**Source data:**
/---

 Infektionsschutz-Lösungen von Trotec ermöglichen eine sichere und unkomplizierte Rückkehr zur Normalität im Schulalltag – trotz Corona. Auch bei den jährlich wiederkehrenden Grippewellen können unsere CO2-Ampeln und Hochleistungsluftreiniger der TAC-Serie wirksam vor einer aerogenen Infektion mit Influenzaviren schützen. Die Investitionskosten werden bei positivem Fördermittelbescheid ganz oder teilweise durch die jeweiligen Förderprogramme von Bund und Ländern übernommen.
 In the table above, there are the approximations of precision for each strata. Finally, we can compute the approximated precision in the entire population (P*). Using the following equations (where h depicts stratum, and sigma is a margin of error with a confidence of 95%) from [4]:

\---
/---

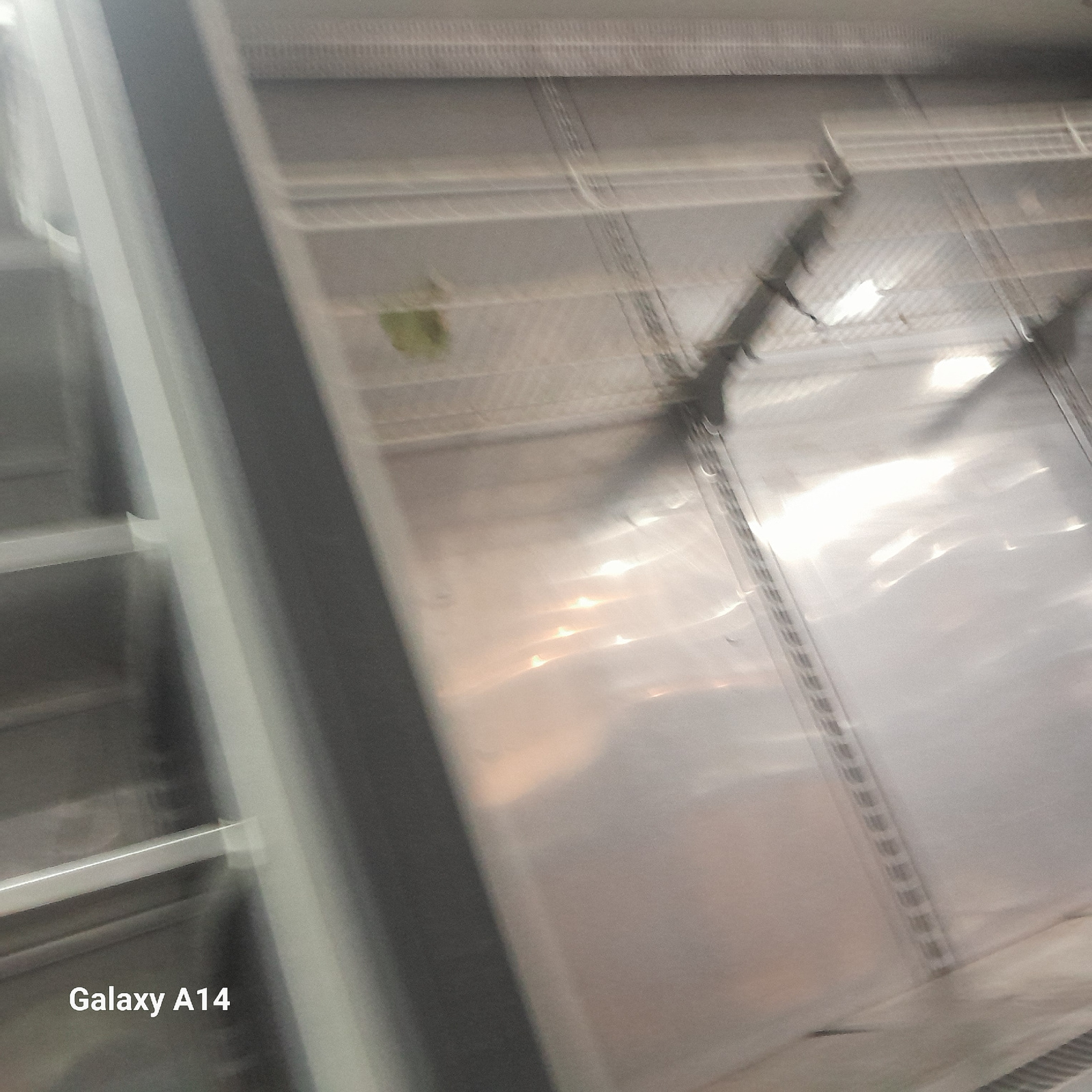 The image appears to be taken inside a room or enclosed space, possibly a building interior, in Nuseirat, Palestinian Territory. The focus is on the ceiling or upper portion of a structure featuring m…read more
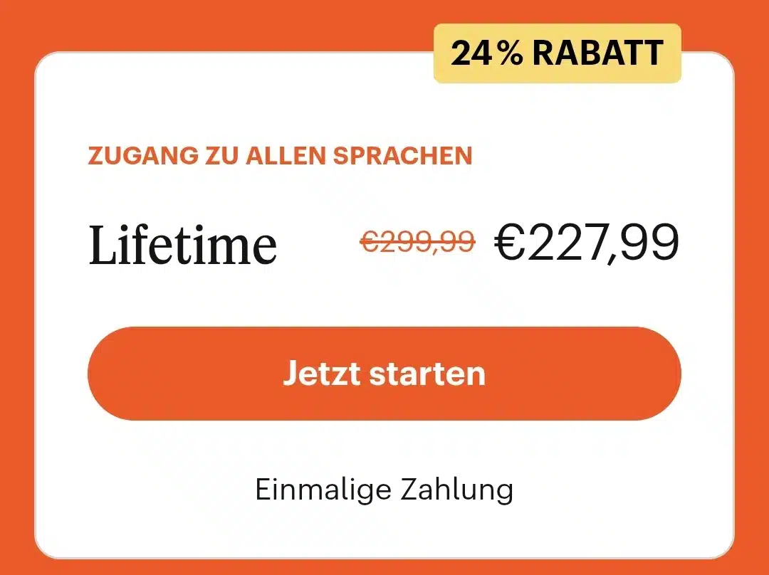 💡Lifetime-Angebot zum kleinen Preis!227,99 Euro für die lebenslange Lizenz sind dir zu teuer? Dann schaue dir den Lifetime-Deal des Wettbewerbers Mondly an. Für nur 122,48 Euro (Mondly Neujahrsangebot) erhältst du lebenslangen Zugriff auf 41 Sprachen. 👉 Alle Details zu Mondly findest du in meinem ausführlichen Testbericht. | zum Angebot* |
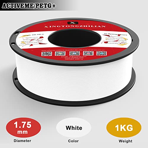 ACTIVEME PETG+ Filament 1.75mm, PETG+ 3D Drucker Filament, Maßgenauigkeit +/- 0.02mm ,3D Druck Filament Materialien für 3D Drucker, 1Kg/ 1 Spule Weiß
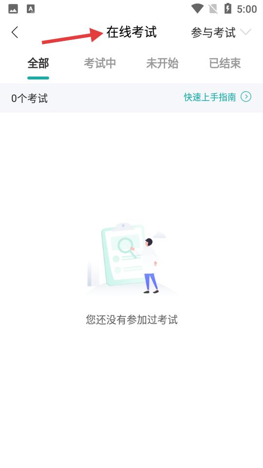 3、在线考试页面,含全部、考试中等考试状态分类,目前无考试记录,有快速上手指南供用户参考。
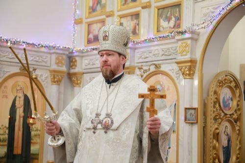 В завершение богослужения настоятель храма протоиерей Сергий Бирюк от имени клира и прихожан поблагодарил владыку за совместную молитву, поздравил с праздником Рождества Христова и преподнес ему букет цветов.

\---

**Instructions to follow:**
Within these entries, output exactly the lines starting at the one with "The image appears" and finishing at the one with "3、在线考试页面,含全部、考". Leave pictures out of the output.

**Problem solution:**
 The image appears to be taken inside a room or enclosed space, possibly a building interior, in Nuseirat, Palestinian Territory. The focus is on the ceiling or upper portion of a structure featuring m…read more
 💡Lifetime-Angebot zum kleinen Preis!227,99 Euro für die lebenslange Lizenz sind dir zu teuer? Dann schaue dir den Lifetime-Deal des Wettbewerbers Mondly an. Für nur 122,48 Euro (Mondly Neujahrsangebot) erhältst du lebenslangen Zugriff auf 41 Sprachen. 👉 Alle Details zu Mondly findest du in meinem ausführlichen Testbericht. | zum Angebot* |
 ACTIVEME PETG+ Filament 1.75mm, PETG+ 3D Drucker Filament, Maßgenauigkeit +/- 0.02mm ,3D Druck Filament Materialien für 3D Drucker, 1Kg/ 1 Spule Weiß
 3、在线考试页面,含全部、考试中等考试状态分类,目前无考试记录,有快速上手指南供用户参考。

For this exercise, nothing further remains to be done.